17. The anaerobic digester according to claim 16 wherein the crust breaker comprises a plurality of longitudinal members supported generally parallel to the shaft, the longitudinal members being spaced progressively radially further from the shaft from the first end of the crust breaker to the second end thereof.
18. The anaerobic digester according to claim 17 further comprising baffles installed at spaced positions along the shaft within the vessel to force waste introduced into the vessel through the inlet to deviate from a linear path through the vessel, each longitudinal member being positioned between a respective pair of the baffles along the shaft.
19. The anaerobic digester according to claim 18 the baffles comprise large diameter annular discs and small diameter discs carried on and alternately arranged along the shaft, which passes through the discs, the longitudinal members of the foam breaker each being positioned between a respective pair of adjacent large diameter discs outward of a respective small diameter disc positioned between the respective pair of adjacent large diameter discs relative to the shaft. |
ANAEROBIC DIGESTER
This invention relates generally to anaerobic digesters and more particularly to anaerobic digesters having baffles or bulkheads mounted therein to extend the time it takes waste to pass through the digester by diverting its flow from a linear path between the inlet and outlet and to anaerobic digesters installed at a slope to horizontally space apart the inlet and outlet with the inlet at a greater elevation than the outlet. BACKGROUND OF THE INVENTION
In the filed of anaerobic digesters, it is known to use an agitator within a horizontally oriented cylindrical vessel to ensure a complete mixing of the digester contents as they flow from the infeed end to the outfeed end of the vessel. The agitation process is used to move the food sources to the methane producing bacteria and vice versa. The agitator also promotes the movement of heavy indigestible solids to the outfeed end for extraction and breaks up the natural formation of crust at the liquid/gas interface. The agitator also prevents thermal and material stratification, thereby minimizing temperature differentials throughout the vessel. The substrate enters the digester vessel at the infeed end and is pushed through the digester by subsequent feedings. This is known as a "plug flow" operation. However, the "plug" must be broken up and thoroughly mixed with the existing contents of the vessel. This enables the methane producing bacteria within the vessel to access this new food source. The infeed "plug" must also be prevented from bypassing any portion of the vessel and shorten its journey. This would create inactive bacterial concentrations or "dead zones", thereby lowering the overall efficiency of the digester. There is also the possibility of an accelerated journey through the digester, which would result in a lower residence time. This shortened residence time within the vessel may consequently result in a higher pathogen content in the outfeed.

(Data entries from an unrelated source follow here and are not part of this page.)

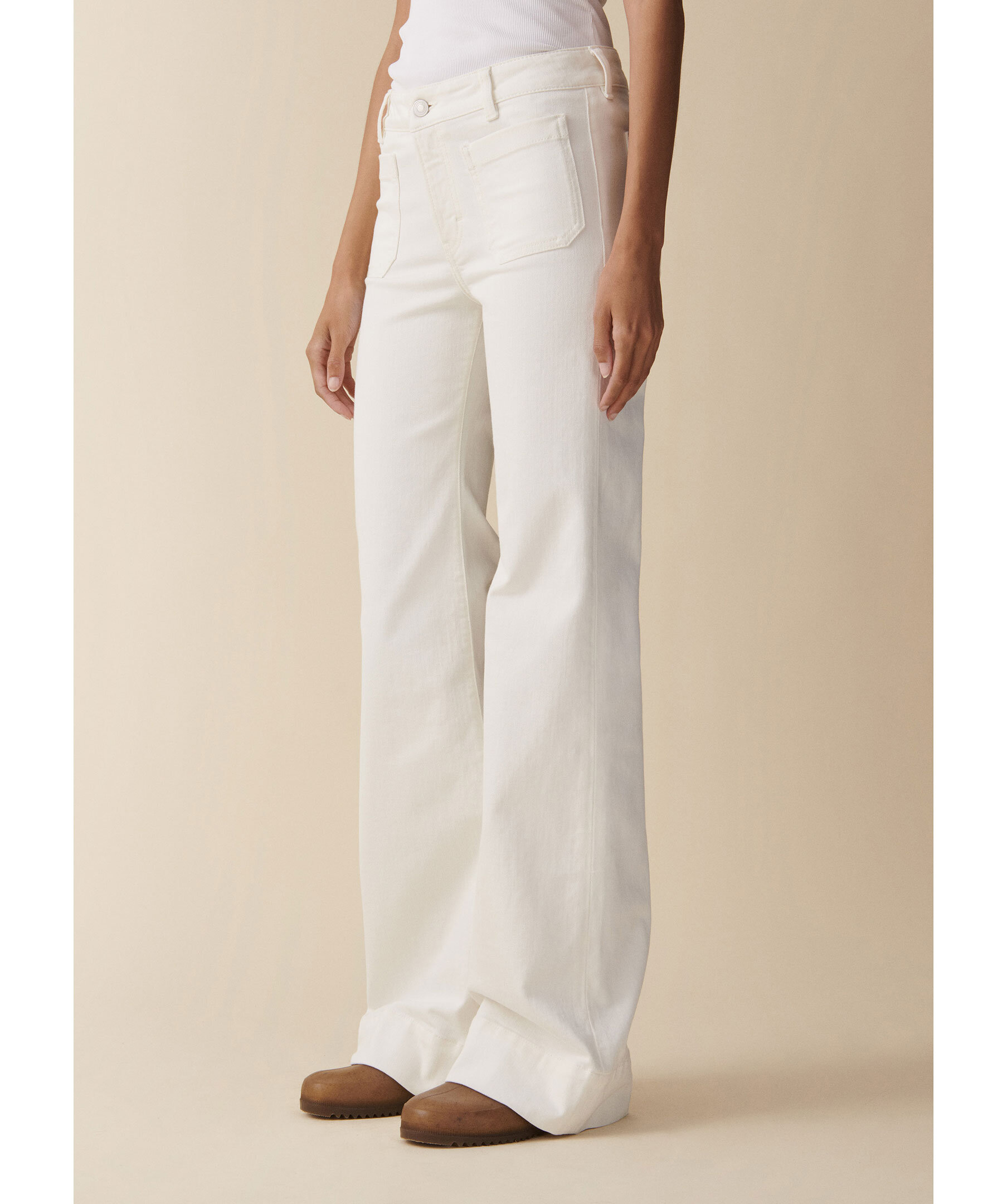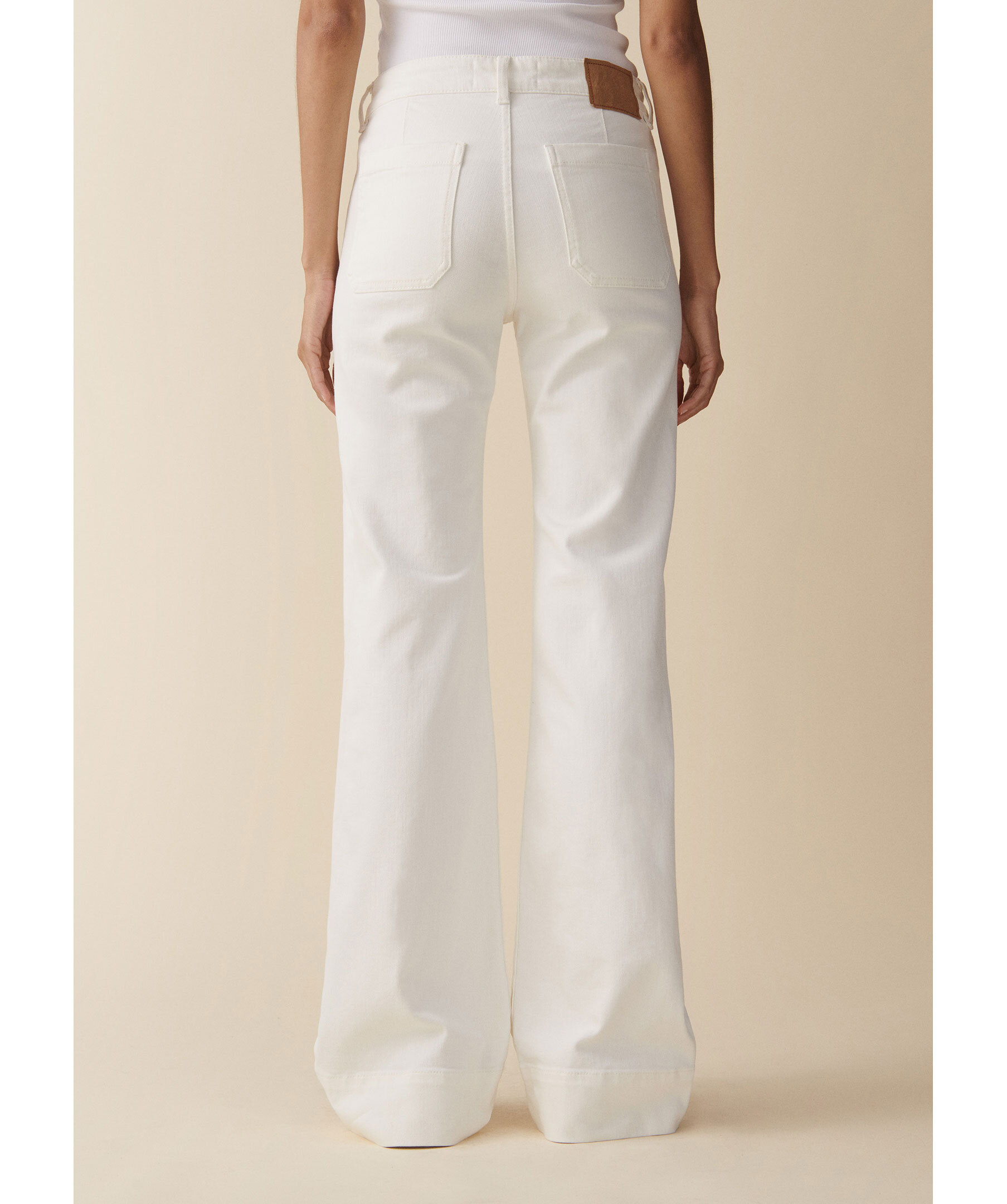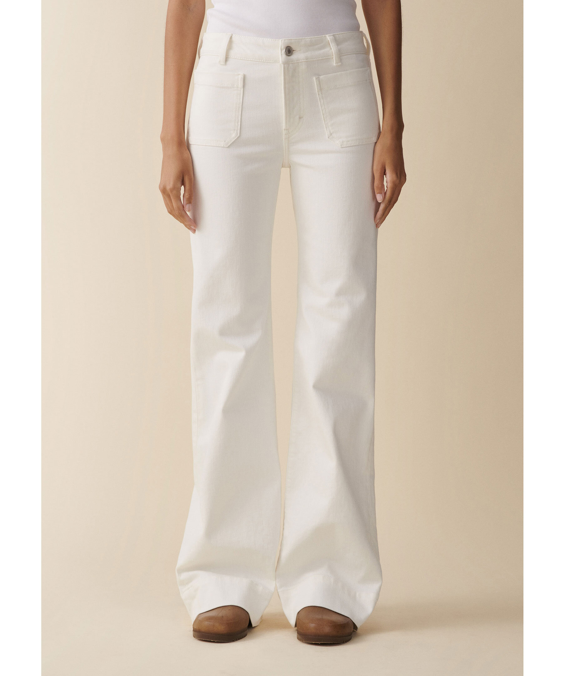 Vita lågmidjade jeans från Jeanerica med utsvängda ben. Jeansen har två påsydda framfickor, två bakfickor, bälteshällor och en patch på linningen. Tillverkade i en bomullsblandning.
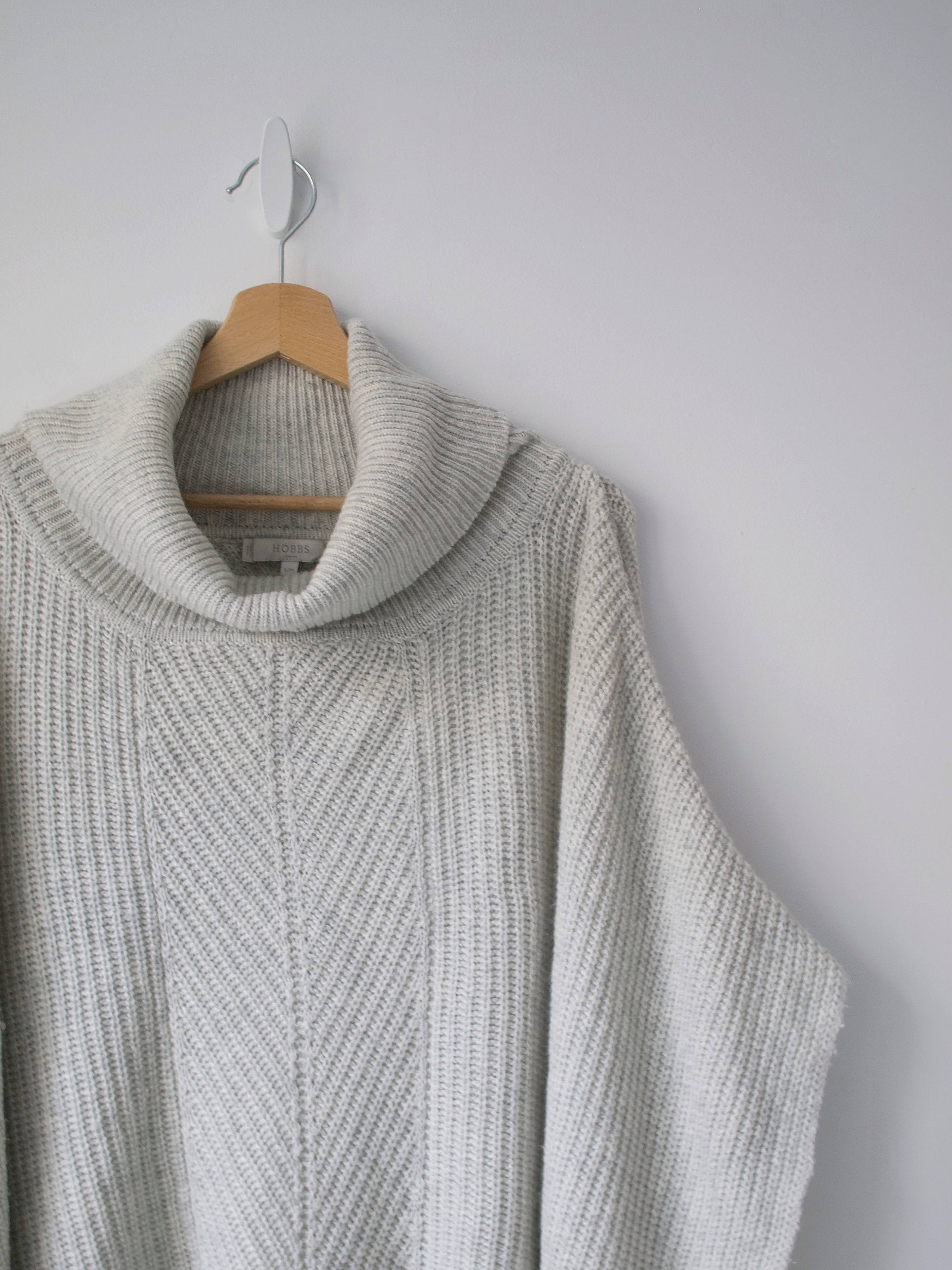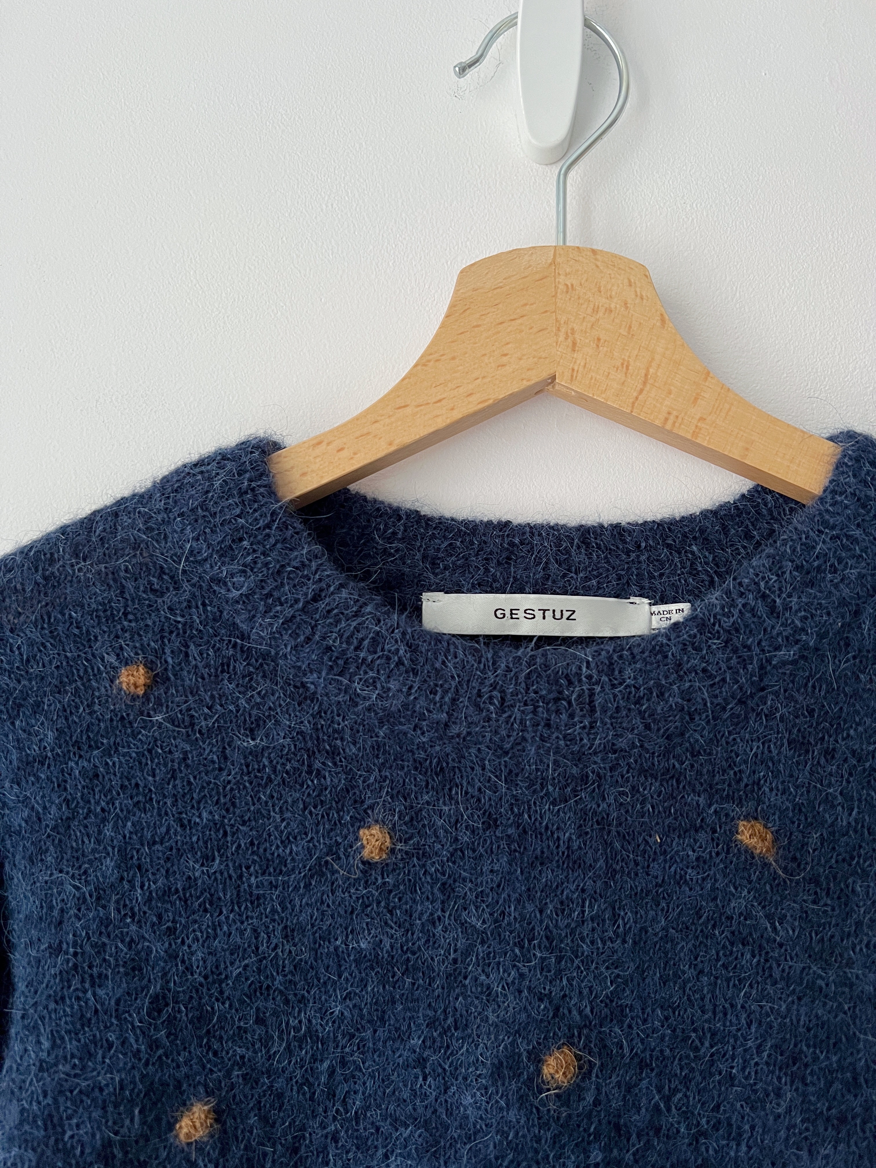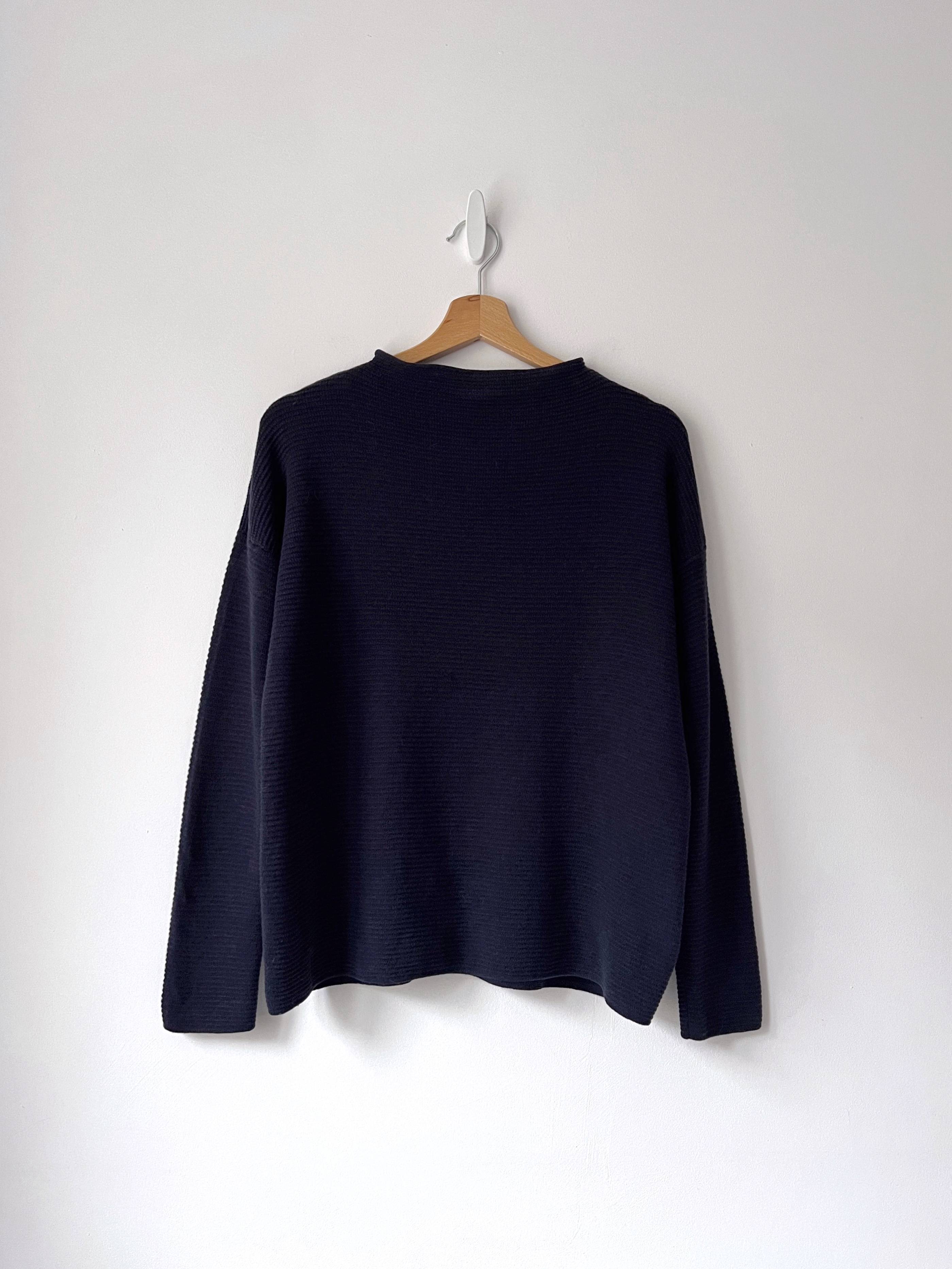 Rozmiar z metki: XS, luźny fason, więc polecam również na S-M Skład: 80% wełna, 20% poliamid Stan: idealny Szerokość w klatce 51 cm Długośćcałkowita 61 cm
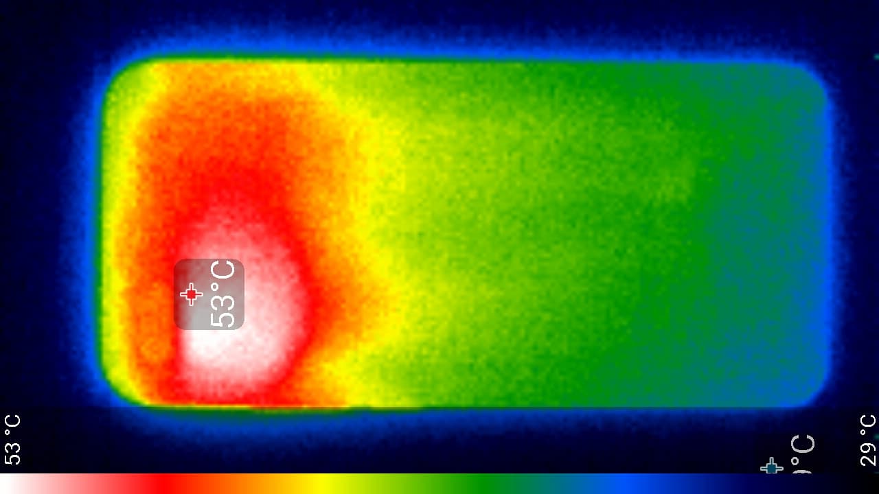 Нагрев больше локализован в верхней правой части аппарата, что, видимо, соответствует расположению микросхемы SoC. По данным теплокамеры, максимальный нагрев составил 53 градуса (при температуре окружающего воздуха в 24 градуса), и это, пожалуй, самый сильный нагрев в данном тесте при сравнении с другими современными смартфонами.
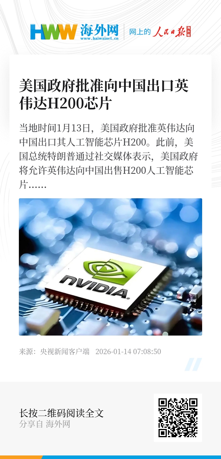 当地时间1月13日,美国政府批准英伟达向中国出口其人工智能芯片H200。
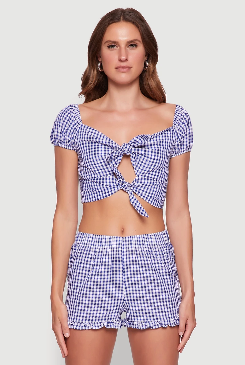 Madden Girl Gingham Peasant Top with Tie Front and Puff Sleeves
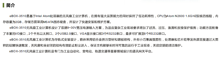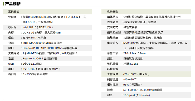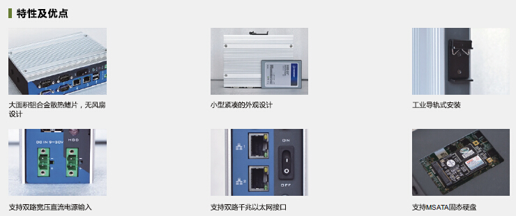 大面积铝合金散热鳍片,无风扇设计;小型紧凑的外观设计;工业导轨式安装;支持双路宽压直流电源输入;支持双路千兆以太网接口;支持MSATA固态硬盘.
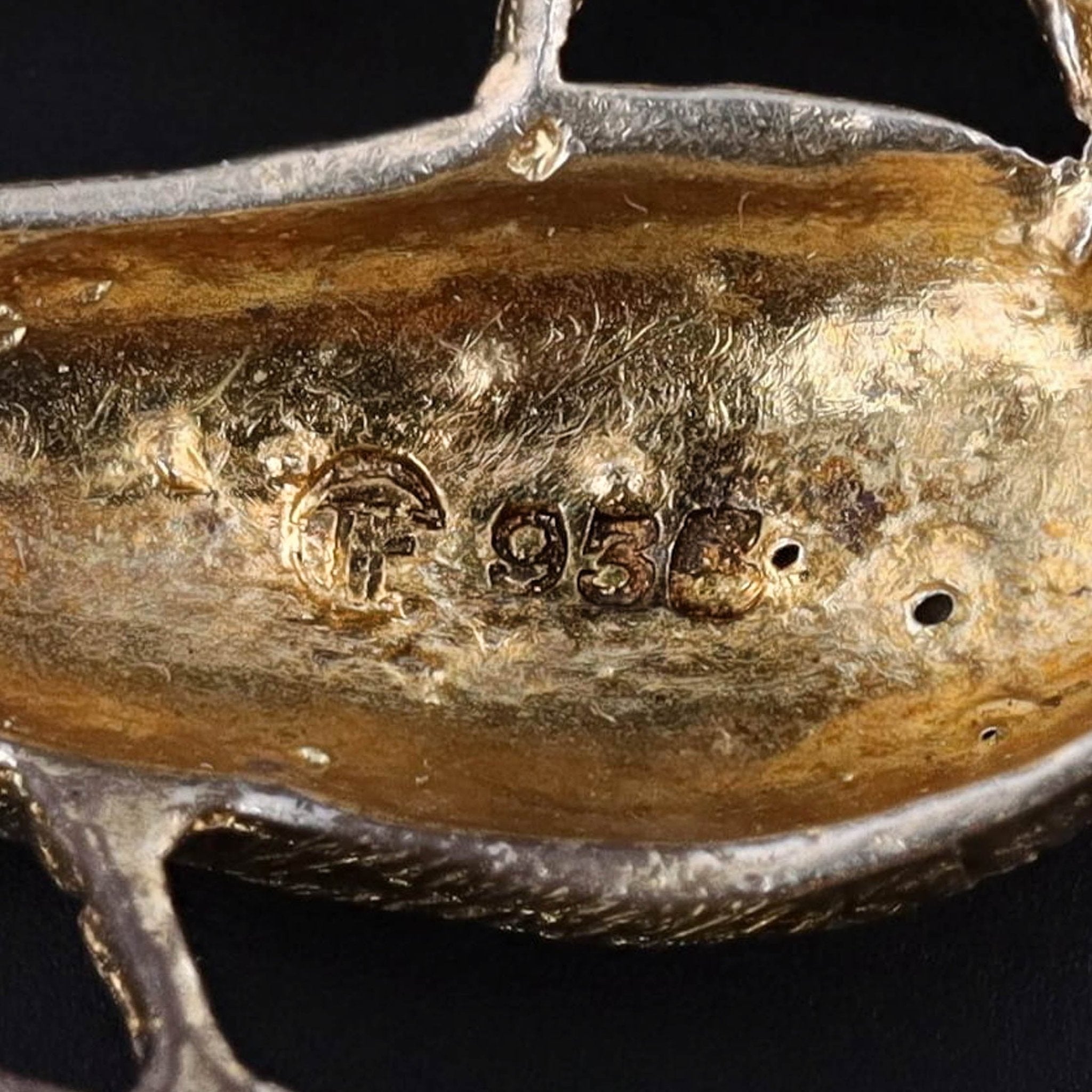 The piece is crafted in gold-washed sterling silver and measures 1.3 inches from the top of the jump ring to the base by 1 inch across. The metal content has been confirmed through XRF (x-ray fluorescence) analysis and traditional jeweler’s acid testing, ensuring authenticity.

It is known in the art to install baffles or bulkheads within the interior of the anaerobic digester to force the material passing therethrough to take a winding or non-linear path through the digester to extend the time it takes for the waste to reach the digester outlet from the inlet at the opposite end of the digester vessel. It has been proven that the addition of bulkheads impedes the progress of the "plug" down the length of the vessel, thereby preventing "short-
circuiting" of the process. This ensures sufficient residence time for pathogen destruction. In an agitator or mixer equipped digester having a rotatable shaft running centrally along the vessel interior to rotably support a plurality of mixing utensils projecting outward from the shaft, it is known to form the baffles or bulkheads from flat plates fixed to the interior peripheral wall of the cylindrical vessel with the shaft passing through bearings mounted in the plates, the installation of the bearings within the baffles or bulkheads adding to the cost and complexity of the digester construction.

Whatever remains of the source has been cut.